# Any good tutorials for getting Samba to work on ZFS



## cliffboss (Oct 30, 2011)

Hello,

I am trying FreeBSD out to see if it will work out for my file server that I am building. I have FreeBSD running in a VM right now, with a few disks in a raidz array. The one problem I am having is trying to get Samba to to allow me to write to my server from my windows machine. So are there any good tutorials for a noob to Unix environment to get samba setup correctly to work with ZFS?

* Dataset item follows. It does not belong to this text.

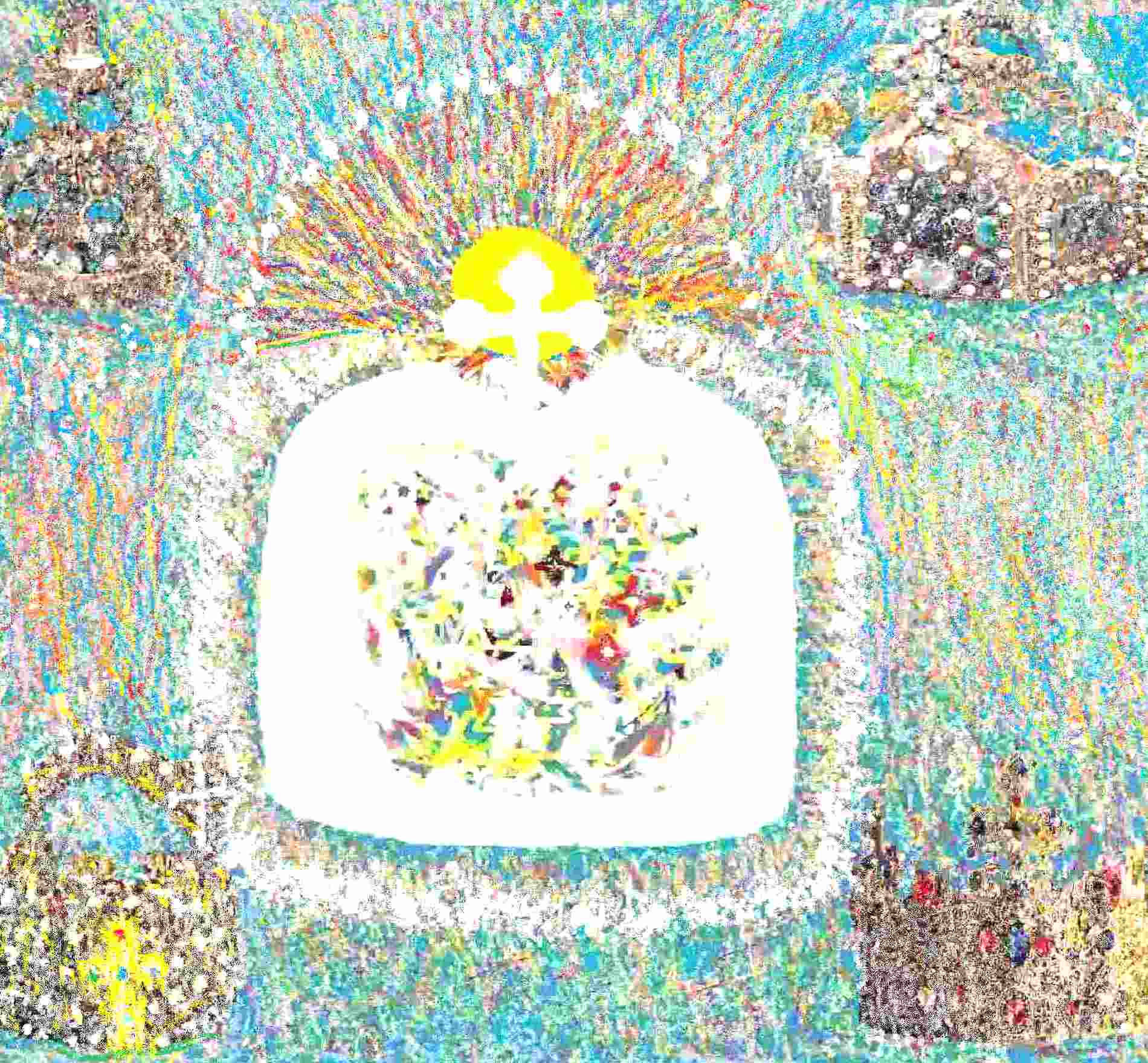 Небесные алмазные венцы мучеников, святых, страстотерпцев, отшельников, пророков, праведников, воинов Христовых, увиденные во время Иисусовой молитвы. Изображение соответствует потусторонней реальности лишь в той мере, в которой возможно в скудном радужном спектре отобразить тысячи ярких, живых, трепещущих, переливающихся красок грядущего Рая, а где-то - в трепетном полумраке - хранятся эти короны, дожидающиеся Истинных Повелителей мира, царей, для которых единственный царь - это Иисус, вставших над миром,одержавших невидимую победу над страстями, бриллиантовые короны,овеянные свежестью, покоем, торжеством и благоуханием покрытых утренней бриллиантовой росой золотых ландышей в чистом поле, пылающих святостью в лучах восходящего Солнца Правды! На венцах начертано - ПОБЕДА НАД ЗЛОМ!!!

Also on a side note: is there a good tutorial on getting sendmail to relay messages to a external email (Hotmail, GMail)?

Thanks,

Cliffboss


----------



## pva (Oct 30, 2011)

cliffboss said:
			
		

> Also on a side note: is there a good tutorial on getting sendmail to relay messages to a external email (Hotmail, GMail)?

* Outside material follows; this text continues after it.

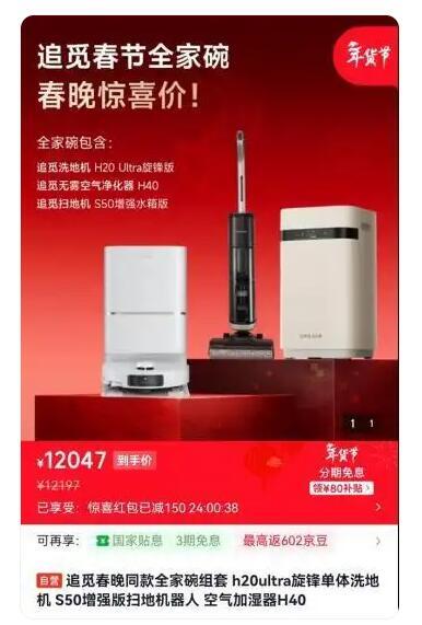 新春居家焕新的热潮中,智能家电成为了消费者的首选,而追觅此次携手京东带来的春晚同款全家碗智能家电套装,直接将焕新福利拉满——日常售价12197元的套装,在京东除夕“月黑风高”超级盛典中仅售2026元,直降超万元,这样的限定福利,让不少想要焕新居家家电的消费者直呼“太划算”。

If you don't want to handle mail locally, and only want to relay outgoing messages to another system for processing, you might want to replace sendmail with a simpler MTA, such as mail/ssmtp. 

This is a nice and easy-to-follow tutorial for setting up sSMTP with GMail. (I assume the same instructions could be used to set up relaying to Hotmail, but I haven't tried it myself.) As mentioned in the comments, you should install sSMTP with the following command:
[cmd=]# cd /usr/ports/mail/ssmtp/ && make install replace clean[/cmd]
This will automatically replace the default sendmail implementation with sSMTP, allowing you to skip step 4 of the tutorial.

One potential gotcha to be aware of is that passwords with special characters won't work (see under "Known Issue"); I had to change my old GMail password to a new one with only alpha-numeric characters in order to get relaying to work.


----------



## Ekimino (Nov 3, 2011)

I configured samba a couple of days ago, with none of the fancy stuff windows networks have to offer(Active Directory). Just a samba for file sharing. 

Here's my smb.conf, nothing fancy, but sharing works.

Hope it helps.


----------



## SirDice (Nov 3, 2011)

cliffboss said:
			
		

> The one problem I am having is trying to get Samba to to allow me to write to my server from my windows machine. So are there any good tutorials for a noob to Unix environment to get samba setup correctly to work with ZFS?


The fact the filesystem is ZFS is irrelevant.

http://samba.org/samba/docs/man/Samba-HOWTO-Collection/


----------